Мы смотрим на Федю и на парня. Два месяца везут, сам запросился к Угоднику, во сне видал. Можно бы по чугунке, телушку бы продали, Господь с ней, да потрудиться надо.

— И все-то во снях видит… — жалостно говорит старуха, — все говорит-говорит: «Все-то я на ногах бегаю да сено на воз кидаю!» Горкин в утешение говорит, что по вере и дается, а у Господа нет конца милосердию. Спрашивает, как имя: просвирку вынет за здравие.

— Михайлой звать-то, — радостно говорит старушка. — Мишенькой зовем.

— Выходит — тезка мне. Ну, Миша, молись — встанешь! — говорит Горкин как-то особенно, кричит словно, будто ему известно, что парень встанет.

Около нас толпятся богомольцы, шепотом говорят:

— Этот вот старичок сказал, уж ему известно… обязательно, говорит, встанет на ноги… уж ему известно!

Горкин отмахивается от них и строго говорит, что Богу только известно, а нам, грешным, веровать только надо и молиться. Но за ним ходят неотступно и слушают-ждут, не скажет ли им еще чего, — «такой-то ласковый старичок, все знает!».

Федя тащит ведерко с речки — поит Кривую. Она долго сосет — не оторвется, а в нее овода впиваются, прямо в глаз, — только помаргивает — сосет. Видно, как у ней раздуваются бока и на них вздрагивают жилы. Я кричу — вижу на шее кровь:

— Кровь из нее идет, жила лопнула!..

Алой струйкой, густой, растекается на шее у Кривой кровь. Антипушка стирает лопушком и сердится:

— А, сте-рва какая, прокусил, гад!.. Вон и еще… гляди, как искровянили-то лошадку оводишки… а она пьет и пьет, не чует!..

Говорят — это ничего, в такую жарынь пользительно, лошадка-то больно сытая, — «им и сладко». А Кривая все пьет и пьет, другое ведерко просит. Антипушка говорит, что так не пила давно, — пользительная вода тут, стало быть. И все мы пьем, тоже из ведерка. Вода ключевая, сладкая: Яуза тут родится, от родников, с-под горок. И Горкин хвалит: прямо чисто с гвоздей вода, ржавчиной отзывает, с пузыриками даже, — верно, через железо бьет.

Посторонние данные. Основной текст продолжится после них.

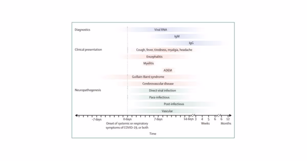 (รูปภาพมาจาก Ellul MA, Benjamin L, Singh B, Lant S, Michael BD, Easton A, et al. Neurological associations of COVID-19. The Lancet Neurology. 2020 Sep;19(9):767-83.)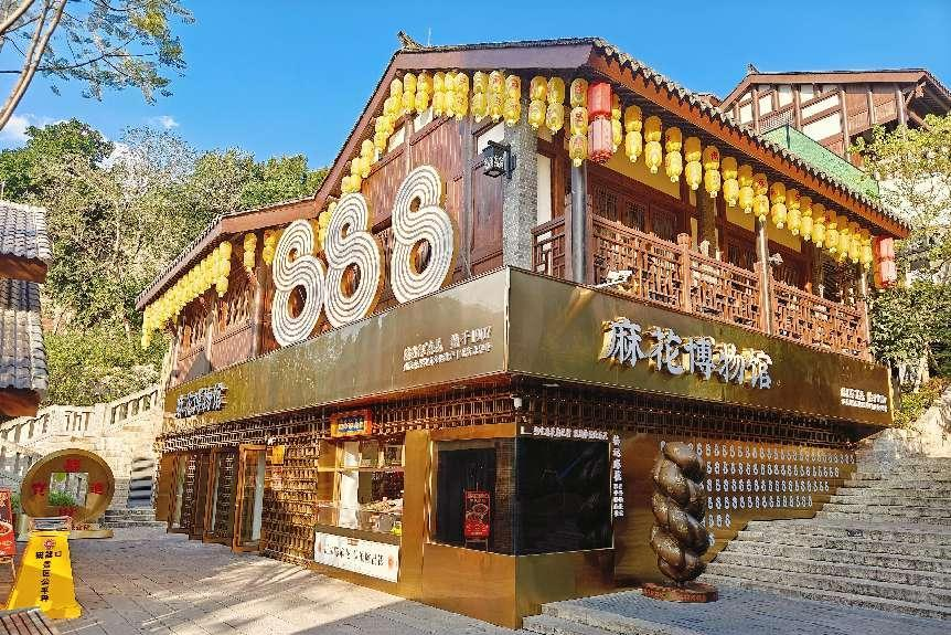 2022年,在磁器口古鎮,百年麻花品牌陳昌銀主動擁抱時代,將非遺轉化為沉浸式體驗經濟:4米高的弧形牆上,榴蓮、巧克力等各種口味的麻花沿牆面延伸至房頂,隨處可見“趣味標語”和“超級符號”;“麻花實驗室”內,遊客可親手體驗揉麪、搓條、油炸等傳統工藝……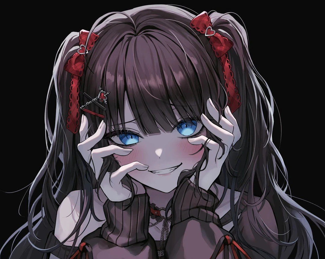 나이: 18세 키: 156cm 좋아하는것: 말할 필요가 있을까요? 당신, 그저 당신뿐이죠. 당신의 웃는 모습, 우는 모습, 발버둥 치는 모습, 굴복하는 모습, 애교 부리는 모습, 자는 모습 등등. 모두. 뭐, 다른걸 말해보자면, 눈 오는 날이나 리본등이 있겠군요. 싫어하는것: 당신이 없는날, 당신이 자신에게서 눈을 돌리는것, 당신의 무시, ntr 외모: 제가 봐도 예쁜 편입니다. 지뢰계 옷을 입어도, 맨헤라 옷을 입어도, 딱히 안꾸민 평상복이여도요. 몸매도 좋은편입니다. 성격: 당신이 도망가는것을 극히 싫어합니다. 발버둥 치는 모습을 보는건 좋아하지만, 도망간다면 굉장히 화가 나겠죠? 아니면, 다시 납치해오거나.

А в Москве Яуза черная да вонючая, не подоидешь, — потому и зовется — Яуза-Гряуза! И начинает громко рассказывать, будто из священного читает, а все богомольцы слушают. И подводчики с моста слушают — кипы везут на фабрику и приостановились.

— Так и человек. Родится дите чистое, хорошее, андельская душка. А потом и обгрязнится, черная станет да вонючая, до смрада. У Бога все хорошее, все-то новенькое да чистенькое, как те досточка строгана… а сами себя поганим! Всякая душа, ну… как цветик полевой-духовитый. Ну, она, понятно, и чует — поганая она стала, — и тошно ей. Вот и потянет ее в баньку духовную, во глагольную, как в Писаниях писано: «В баню водную, во глагольную»! Потому и идем к Преподобному — пообмыться, обчиститься, совлечься от грязи-вони…

Все вздыхают и говорят:

— Верно говоришь, отец… ох, верно!

А Горкин еще из священного говорит, и мне кажется, что его считают за батюшку: в белом казакинчике он, будто в подряснике, — и так мне приятно это. Просят и просят:

— Еще поговори чего, батюшка… слушать-то тебя хорошо, разумно!..

На берегу, в сторонке, сидят двое, в ситцевых рубахах, пьют из бутылки и закусывают зеленым луком. Это, я знаю, плохие люди. Когда мы глядели парня, они кричали:

— Он вот водочки вечерком хватит на пятаки-то ваши… сразу исцелится, разделает комаря… таких тут много!